Stephen Emmanuel is a UK garage/dance music producer and songwriter, best known for the hits "What U Do" and "Coochy Coo", both of which feature singer Eska.

==Career==
Emmanuel, credited as 'Colours', released the 1998 single "What U Do" featuring British singer Eska, which reached No. 51 on the UK Singles Chart and No. 1 on the UK Dance Singles Chart.

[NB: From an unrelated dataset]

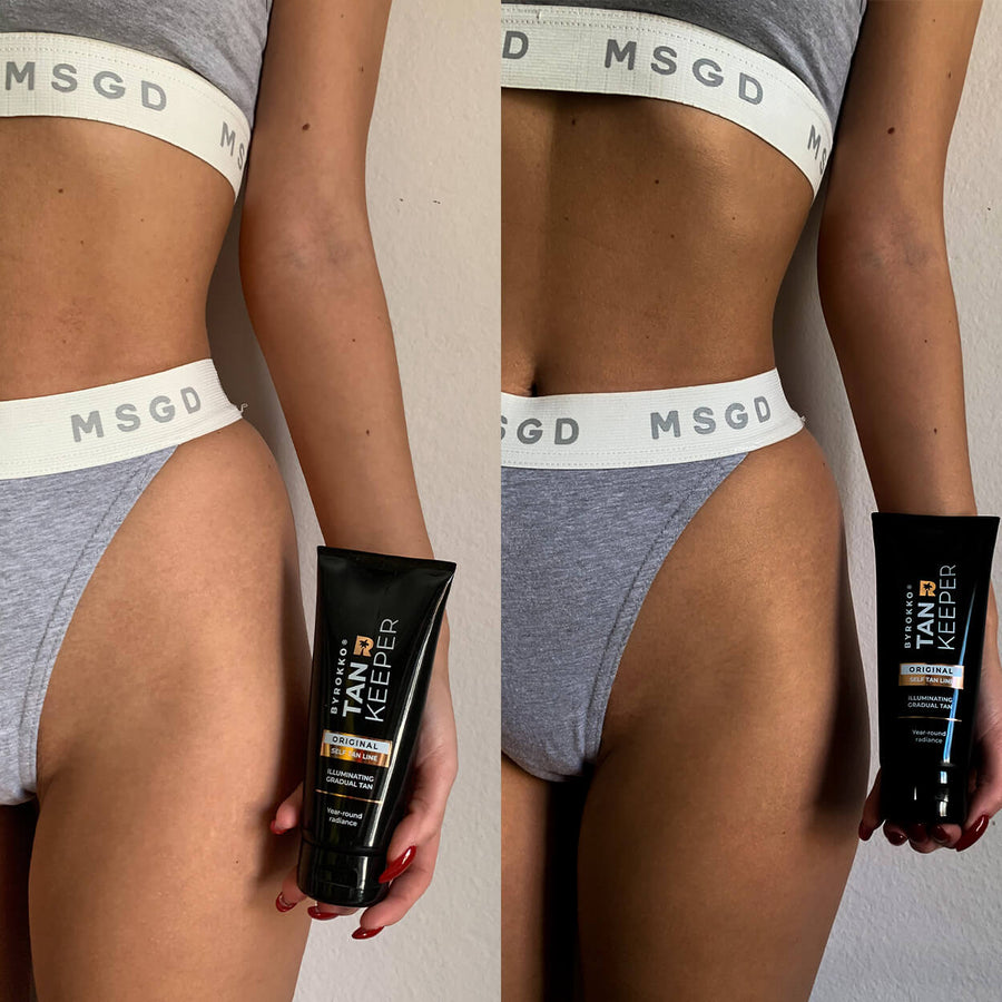 This skin-loving product combines a deeply hydrating moisturizer with a tanning effect - amazing for prolonging the glow of your summer skin! With our famous BYROKKO™ formula, it allows you to gradually build colour and customize the perfect tan for your skin tone.

In 2000, the single "Coochy Coo", also featuring Eska, peaked at No. 32 on the UK Singles Chart and No. 17 on the UK Dance Singles Chart.

The SE22 Mix of Emmanuel's 1998 garage track "Hold On" was sampled by Craig David and Tinchy Stryder in 2008 on the song "Where's Your Love", as well as on the 10° Below Dub Mix of Kele Le Roc's "My Love". Capital XTRA included "Hold On (SE22 Mix)" in their list of "The Best Old-School Garage Anthems of All Time". It was also included in NMEs "25 essential UK garage anthems" list in September 2019. Why the track is on the list, Fred Garratt-Stanley wrote: "Rising strings, mashed-up keyboard sequences and irresistibly tempting background claps make for an enticing introduction to this classic, before June Hamm's vocals rise above the noise to ask 'Where is your love?'. It's a question no garage fan should need to be asked twice of this track."

As a producer/songwriter, Emmanuel has written and/or produced songs for other artists such as Daniel Bedingfield ("He Don't Love You Like I Love You" / "I Can't Read You" - UK No. 6), Another Level, S Club 7, Billie, S.O.A.P., and Precious.

Macedonian-Serbian singer Tijana covered "Coochy Coo", titled "Kao da..." for her 2001 debut album of the same name.